Publishing is configured in the config.json file. The publish property can have the following keys: default, testing, staging, and production. It is suggested to use default in place of the staging as the default gets used when no flag is specified (see below). Each key should correspond to an object with bucket, path, and url. IMPORTANT: The url should be a fully qualified URL that ends with a /. This URL will get inserted into some meta tags on the page by default. For example:

  "publish": {
    "default": {
      "bucket": "",
      "path": "news/projects-staging/all/super-bowl-guide/",
      "url": ""
    "production": {
      "bucket": "",
      "path": "news/projects/all/super-bowl-guide/",
      "url": ""

Using the flags --testing, --staging, or --production will switch context for any relevant publish or deploy commands. Note that if the flag is not configured, the default will be used.

Publishing token

The publishing function, uses a token that helps ensure a name collision with another project doesn't overwrite files unwittingly. The publishToken in config.json is used as an identifier. This gets deployed to S3 and then checked whenever publishing happens again. The gulp publish (run via gulp deploy) will automatically create this token if it doesn't exist.
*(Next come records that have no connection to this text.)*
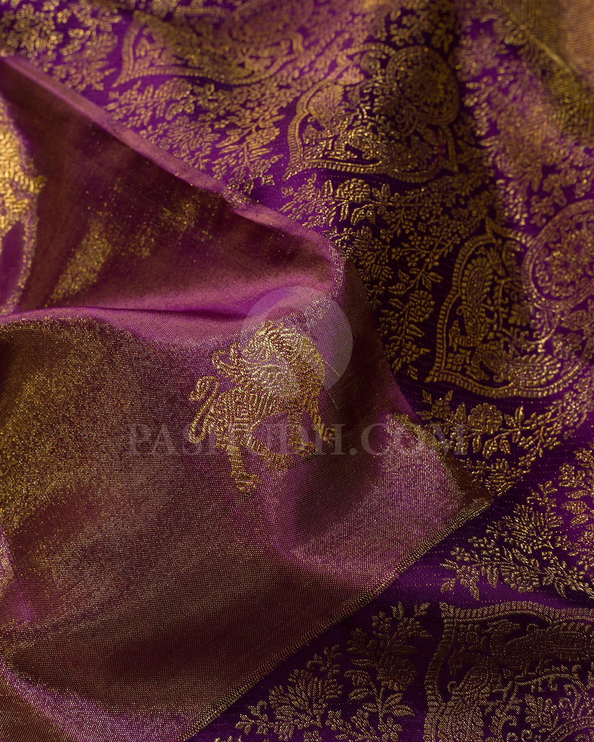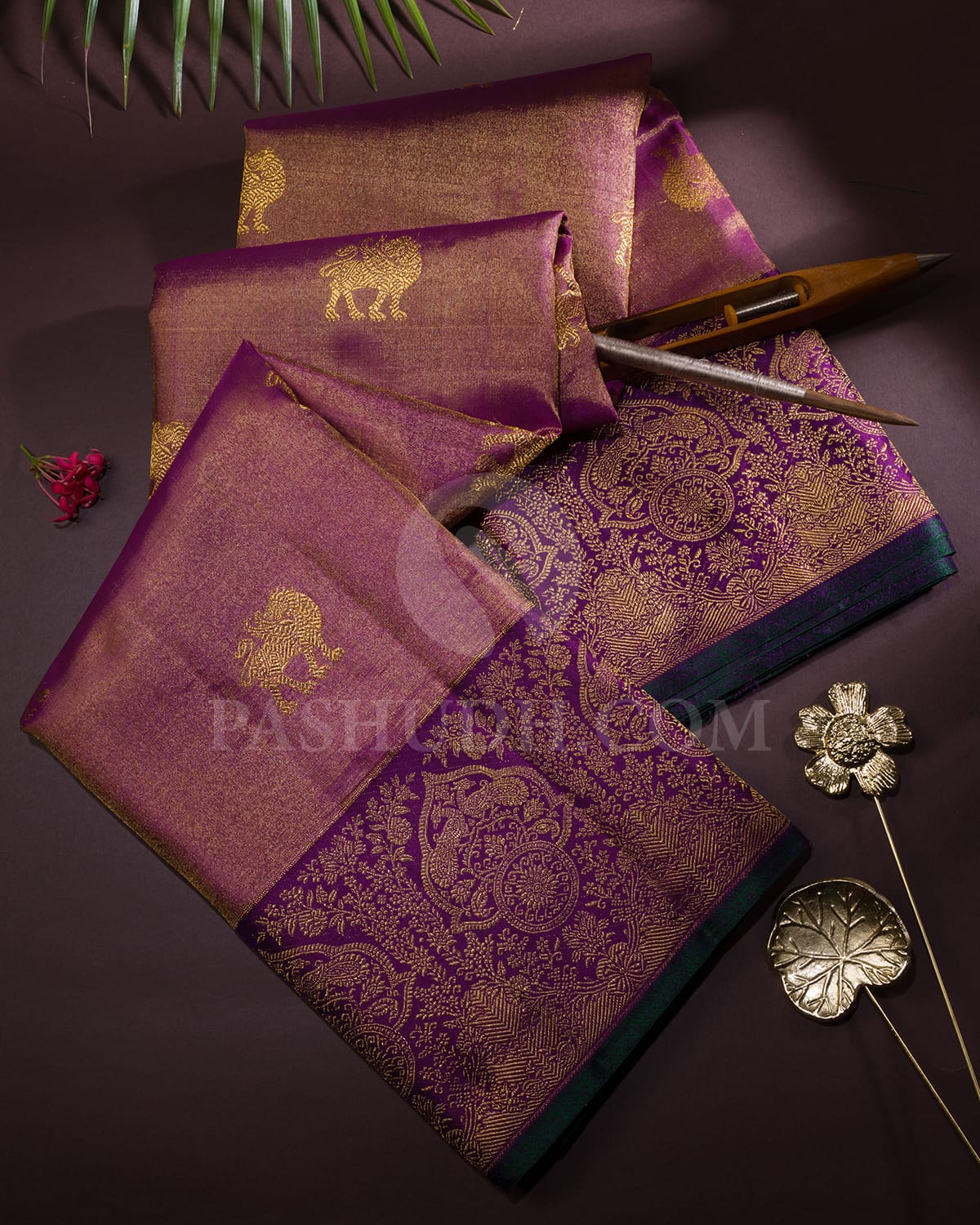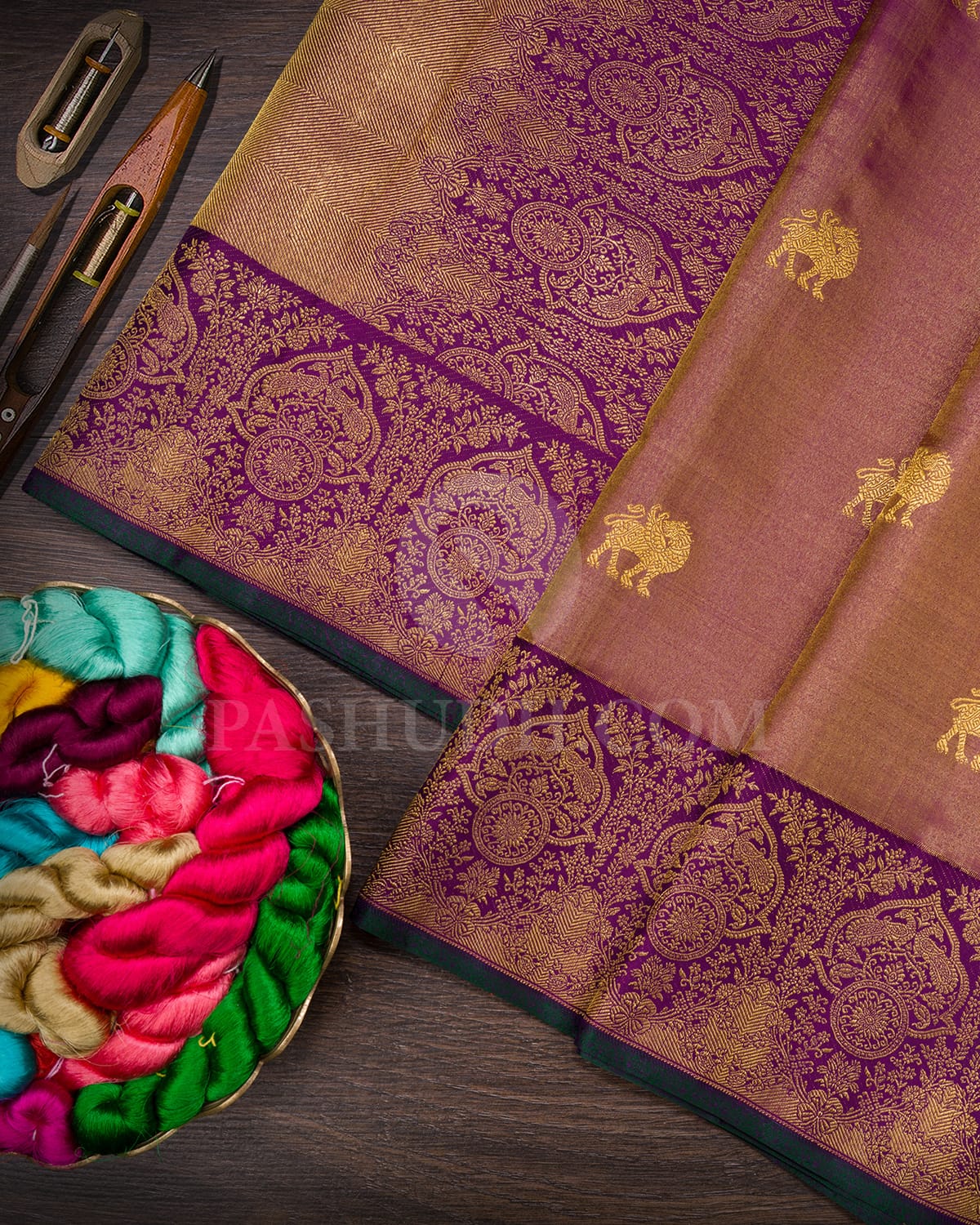 Step into a world of timeless elegance, this Kanjivaram silk saree features a delicate purple base shimmering with gold zari, adorned with intricate gold zari Yazhi buttas that exude regal charm. The purple border, enhanced with gold zari shimmer, provides a striking contrast, adding depth and grandeur. Perfect for weddings, festive occasions, and celebratory gatherings, this saree is a true celebration of craftsmanship, grace, and heritage.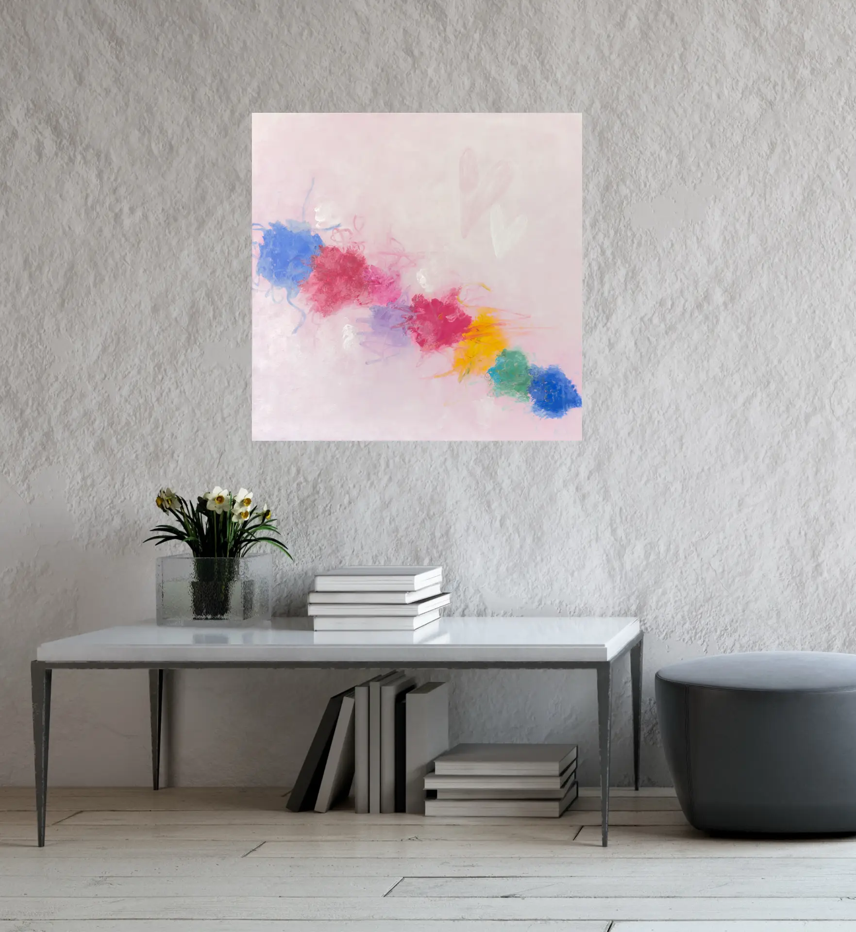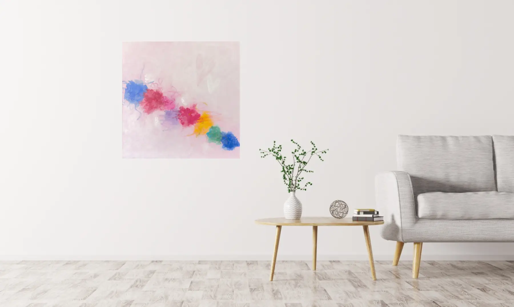 30″ x 30″ canvas 1 1/2″ depth in white floater frame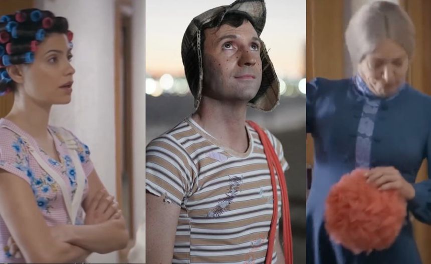 La primera en entrar a escena es Doña Florinda, que será interpretada por la actriz Bárbara López y en la parte de atrás aparece la Bruja del 71, que será Andrea Noli. Y por último sale medio rostro del actor Pablo Cruz, dándole vida a Roberto Gómez Bolaños.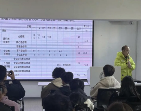 学院李波老师为同学们进行细致入微的学业指导,活动围绕学业发展、职业规划等学生关切的热点问题进行了深入交流。详细解读专业培养方案、课程体系结构及其特点,分享专业领域的前沿动态与社会需求,并结合自身丰富的专业知识和职业经历,引导学生树立积极的职业观和价值观,鼓励学生们在掌握扎实专业技能的同时,注重综合素养的全面提升,尽早进行职业生涯的启蒙与探索。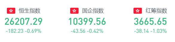 周二,恒指早盘涨0.11%,开盘后急挫逾250点,随后维持窄幅震荡。截至收盘,恒生指数跌182.23点或0.69%,报26207.29点,全日成交额达1440.07亿。国企指数跌0.42%,报10399.56点,红筹指数跌1.03%,报3665.65点。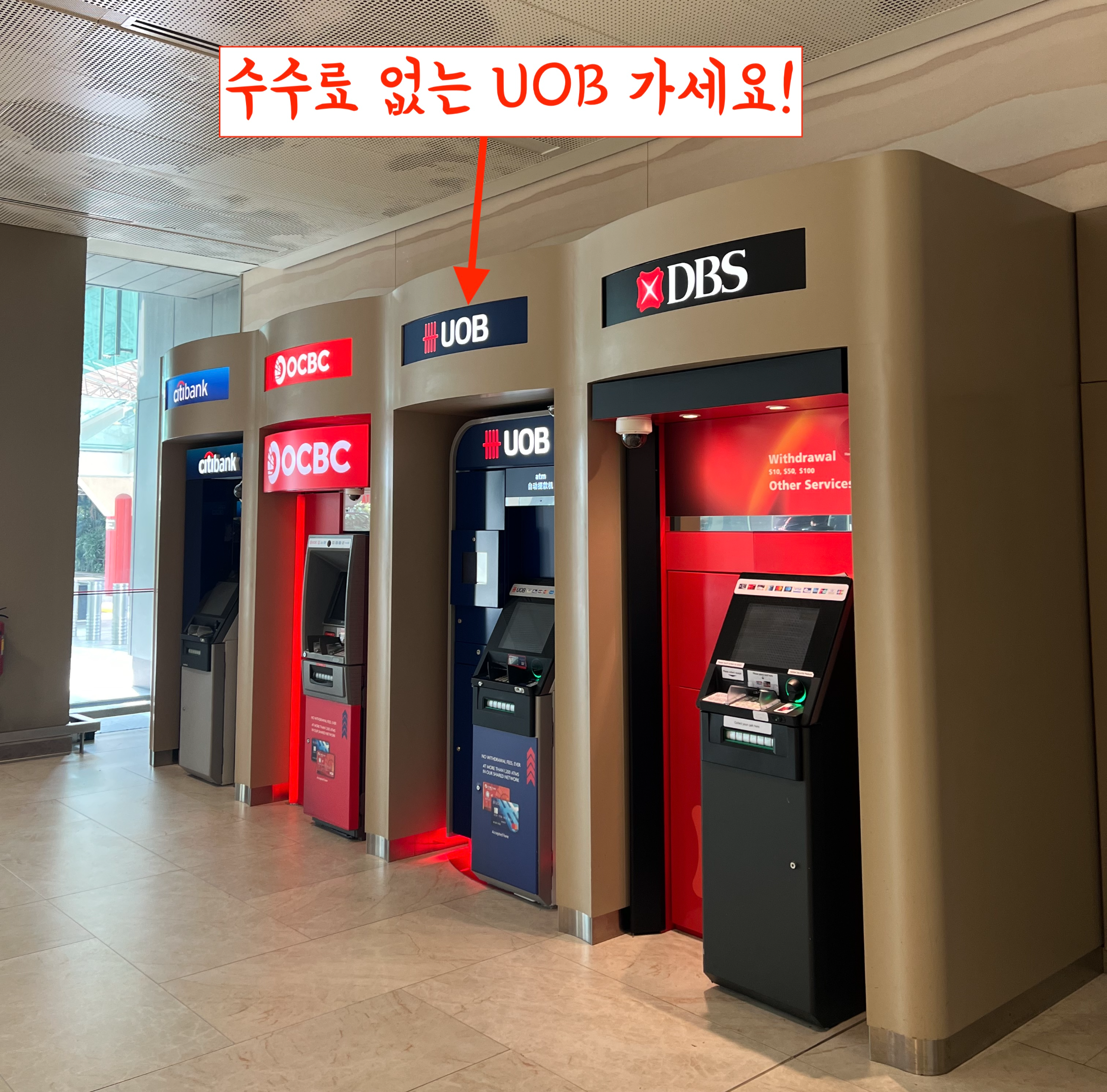 다른 거 생각하지 마시고 수속을 마치고 나온 뒤 창이공항의 맥도널드를 찾아가세요! 창이공항 맥도널드 앞에는 ATM 기기 4대가 사이좋게 놓여 있습니다. 4대의 기기가 모두 회사인데 UOB에서 꼭 현금을 찾으세요. 수수료가 발생하지 않습니다.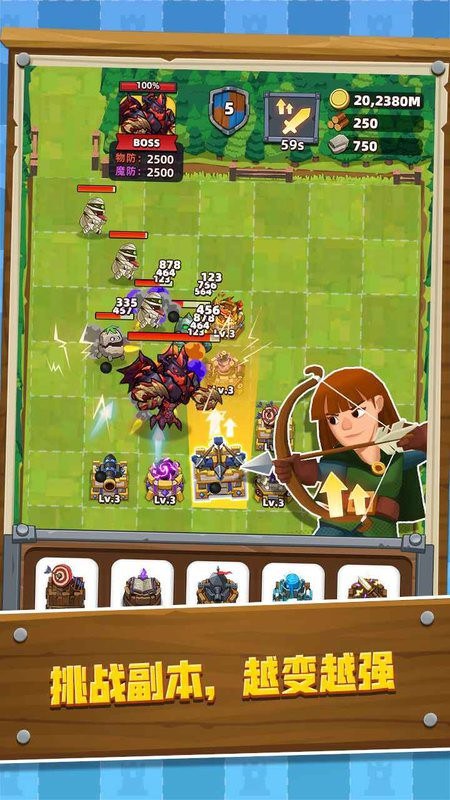 为应对源源不断的怪物入侵形势,你需要在城外丛林中进行防御塔的布阵,选择最长的围堵路线阻止怪物前进,保证输出火力伤害最大化,击杀每一波BOSS!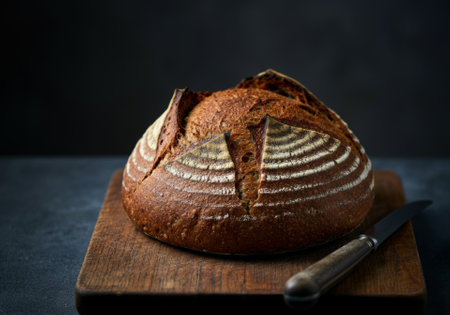 Artisan round sourdough bread on wooden cutting board with knife in dark rustic setting.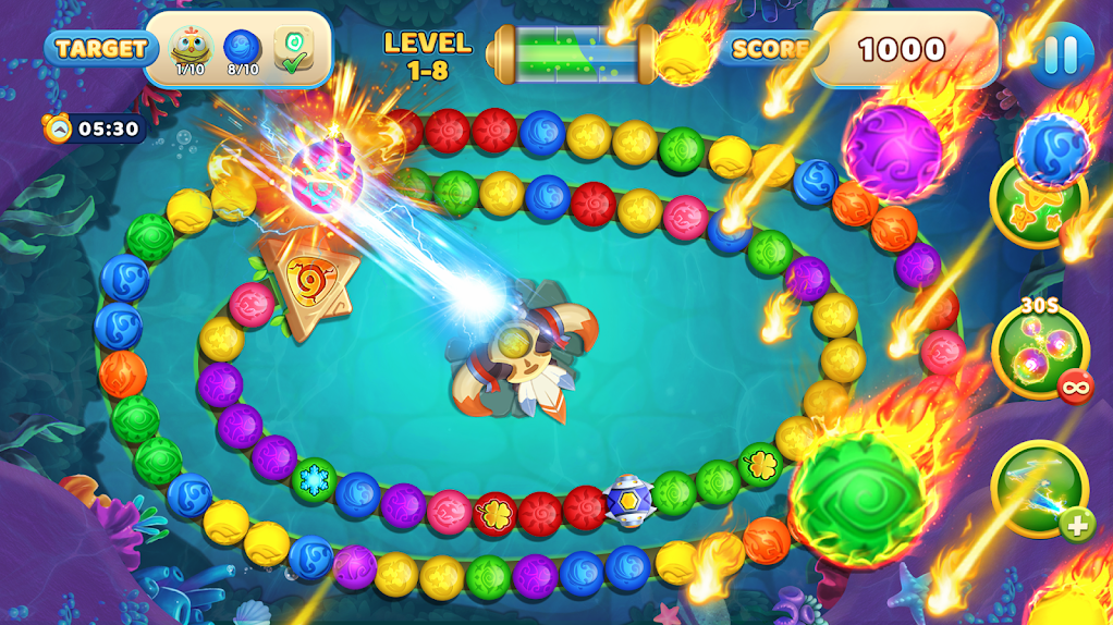 在不同类型的关卡中,乐趣从未停止,清除所有的弹珠,在规定时间内完成挑战

If you see an error message that states that the tokens do not match, make sure that the location you are publishing to doesn't have a different project at it, or converse with teammates or administrators about the issue.

Styles and practices

Having a consistent style for code and similar aspects makes collaboration easier. Though there is nothing that enforces these things, intentionally so, spending some time to adhere to these styles will be beneficial in the long run.

  • JS: Javascript is linted with ESLint and defined in .eslintrc.
  • Styles: SASS (and CSS) is linted with stylelint and defined in .styleintrc.

Other good practices that are not encompassed with linters.

  • General
    • Comment as much as possible without being overly redundant.
  • JS
    • Use small modules as much as possible.
  • Styles
    • Use classes instead of ids for HTML elements, specifically for styling and JS.
    • Use relative units such as rem, em, vh, vw, or %, instead of absolute values such as px. This helps accessibility as well as designing for different screen sizes.
      • Overall, use rem for "component" level styling, such as a form, and then use em for styling inside components.


Code is licensed under the MIT license included here. Content (such as images, video, audio, copy) can only be reused with express permission by Star Tribune.